Here I am in front of the LCD again, trying to count the pixels. I don't understand this need to write. I've been writing songs for years. Now I'm diving into journalism as if it's some mystical challenge yet to be conquered. Actually, it feels like the first time I dove off the high board with one exception: this pool is empty...and there is a long line of impatient suicidal zombies slowly pressing me toward the edge so they can have their turn.

Why I have this psychotic need to expose my inner self to the world is something only a writer can comprehend. It's certainly not a quest for ego gratification. I could just as easily walk to the mailbox naked in front of the 17 year old girl across the street for this kind of pain. Officer, don't you know who I AM?

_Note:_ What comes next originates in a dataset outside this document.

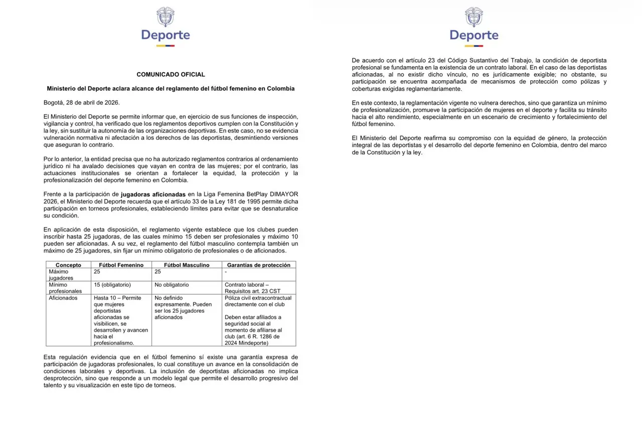 Minuto30.com .- Ante las recientes críticas y versiones que circulaban sobre supuestas irregularidades laborales en la Liga Femenina BetPlay DIMAYOR 2026, el Ministerio del Deporte emitió un comunicado oficial este martes para poner fin a la controversia.
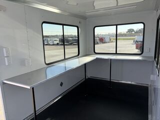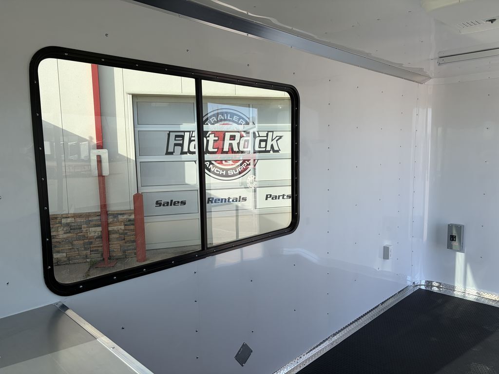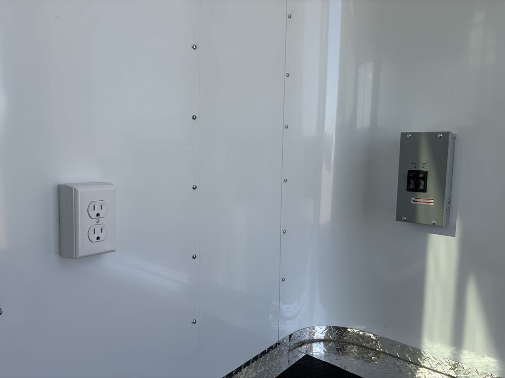 7’ x 14’ Tandem Elite Office Trailer 2 x 3,500 lb. 4 in Drop Brake Axles Triple Tongue 7’ Interior Height 13,500 BTU Air Conditioner 2 5/16 in Coupler 205/75/R15 Black Mod Wheels 36 in Side Door with Cam Bar Lock and RV Lock Rubber Coin Floors 3, 3 ’x 5’ Viewing Windows L Shaped Interior Counter Aluminum Interior Walls and Ceiling (Insulated on 16 in Centers) 2 x12 Volt LED Dome Lights w/ Switch 2 x 4’ Lights w/ Switch (110) 5 Interior Plugs (110) 30 AMP Electrical Package with Cord Empty Weight: 2,000 lbs GVWR: 7,000 lbs Carrying Capacity: 5,000 lbs

Perhaps we, as writers, are pursuing a higher truth; a more advanced spiritual plain. A dimension no one else can approach or understand. That must explain why the email response to my first column was unanimous: question marks. Then again, maybe we're just addicted to doing a lot of mouthing-off but failing to ever take action.

As we approach the holiday season, let us celebrate this time of peace and giving. Let us remember those whose souls and bodies are truly exposed to the piercing December winds. They can not take solace in front of a warm fire. There are no arms to comfort them; no lips to kiss their tears away before they become sharp icy spears.

On this Christmas midnight, just once, let's do more than watch and write.